Cristo, nossa Páscoa
O sacrifício da Páscoa à saída do Egito celebrava o livramento do cativeiro egípcio, e era principalmente, um símbolo do sacrifício do verdadeiro Cordeiro, Cristo, que derramou o Seu sangue por nós. O mais importante, porém, para o Cristianismo foi que o Cordeiro morto - Cristo -, não ficou na sepultura, mas ressuscitou ao terceiro dia e subiu aos Céus, de onde voltará, para julgar os vivos e os mortos. Em substituição à Festa da Páscoa, no Novo Testamento, Nosso Senhor Jesus Cristo instituiu as cerimônias do Lava-Pés (São João 13) e a Santa Ceia (São Lucas 22), as quais além de simbolizar a humildade e a união com Cristo, comemoram também a morte e a ressurreição de Cristo. Estas cerimônias devem ser praticadas até que Cristo volte do Céu, pois o crer e praticá-las são, de fato, motivo de nossa eterna salvação. Como diz São Paulo, ''não mais o sacrifício e o sangue de animais, porque Cristo, nossa Páscoa, já foi sacrificado'' (I Coríntios 5:7).
PEDRO MARTINS PEREIRA (comerciário) - Londrina

Iraque x EUA
Cadê a paz, a democracia e a liberdade que os Estados Unidos iriam levar ao Iraque? E o mais lamentável é que o mundo inteiro, inclusive a Organização das Nações Unidas (ONU), fica assistindo de camarote a cruel ocupação norte-americana no Iraque, onde quase todos os dias vemos cenas horríveis de violência seguida de homicídio de milhares de pessoas. E se a moda pegar e os EUA resolverem invadir/ocupar a amazônia brasileira ou qualquer outro país em qualquer parte do mundo, vamos ficar todos batendo palmas para eles?
ANTÔNIO PEREIRA ANCHIETA (padre) - Jacarezinho

Apoio ao balé
A Escola Externato PGD - Ensino Fundamental, parabeniza a Folha de Londrina, pela nota da Folha 2 (17/03), através do convite ao incentivo à arte e cidadania, solicitando à comunidade a colaborar na aquisição de uniformes de balé, às 25 crianças da Escola Municipal de Dança de Londrina. Nossa escola, que vem desenvolvendo o Projeto Cidadania desde 2003 com alunos de 1 à 7 séries, sentiu o desejo de colaborar não apenas com uma criança, mas com as 25, como solicitava o convite. Com o apoio de uma loja da cidade, vamos organizar uma Feira da Solidariedade, em meados do mês de maio, com o objetivo levantar a verba necessária para aquisição dos uniformes.
PATRÍCIA GÓIS BONESI (coordenadora educacional) - Londrina

Democracia
A democracia brasileira é frágil.
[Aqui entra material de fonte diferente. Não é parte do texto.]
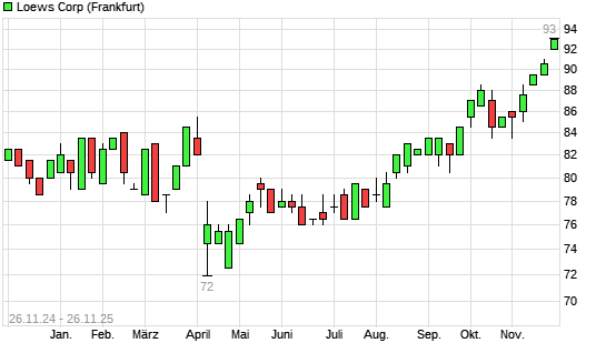 Mit dem Anstieg auf 93,00 EUR hat die Loews-Aktie (ISIN US5404241086) am 25.11.2025 ein neues All-Time-High erreicht und damit den Kurs vom 24.11.2025 eingestellt.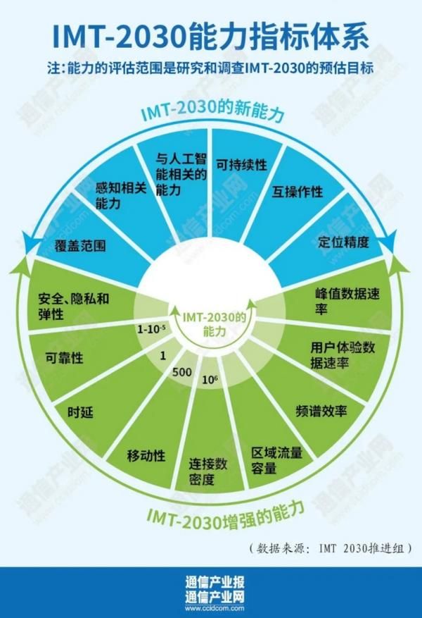 能力指标上,建议书定义了6G的峰值速率、用户体验速率、频谱效率、区域流量容量、连接数密度、移动性、时延、可靠性、覆盖能力、定位精度、感知相关能力、AI相关能力、安全隐私弹性性能、可持续性、互操作性等15个能力指标,这些能力指标包括了9个IMT-2030增强的能力和6个IMT-2030的新能力。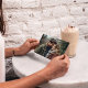 Espessura de 18 pt / Gramatura de 120 lb. Branco suave, textura delicada.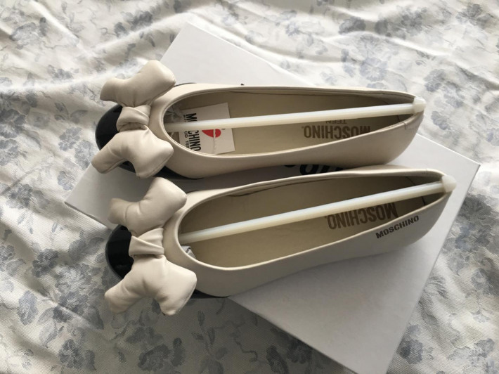 Новые, очень симпатичные туфельки, чёрный лак+молочная кожа, бантики кожа, подошва белая постельке 21,5см.

Parte dessa fragilidade é oriunda do caráter artificial que nossa democracia possui: ela é espelhada em modelos estrangeiros e, por conseguinte, não se adapta bem à regra geral de nossa realidade problemática.
O descaso e a irresponsabilidade com a educação do país apontam o quanto a democracia brasileira é carente de base. Uma sociedade democrática deve garantir ao maior número possível de pessoas a possibilidade de um desenvolvimento intelectual no mínimo tranquilo. Isso não ocorre no Brasil, salvo pequenas exceções.
Em Londrina (segunda cidade do Estado em tamanho e importância), alunos da Universidade Estadual de Londrina temem a ausência de aulas, e o motivo é a falta de professores. Aliás, em breve, pode haver uma greve dos professores. No ensino médio a situação, com algumas variantes, é semelhante.
Sejamos justos: essa situação para com o ensino no Paraná não é nova. Uma parte grande desse problema vem da administração omissa e irresponsável do governo Jaime Lener. Outra parte desse problema é do governo atual de Roberto Requião que parece não estar sabendo alcançar uma solução, embora haja nesse governo, em comparação com o antigo, uma relativa boa vontade em se fazer algo.
O meu ponto de vista é pessimista, não vejo solução em curto prazo para a educação no Paraná. Para resolvê-lo seria necessário investimentos na base do nosso povo. Investimento que no futuro poderia melhorar algumas atitudes ou quem sabe fazê-las na ausência destas.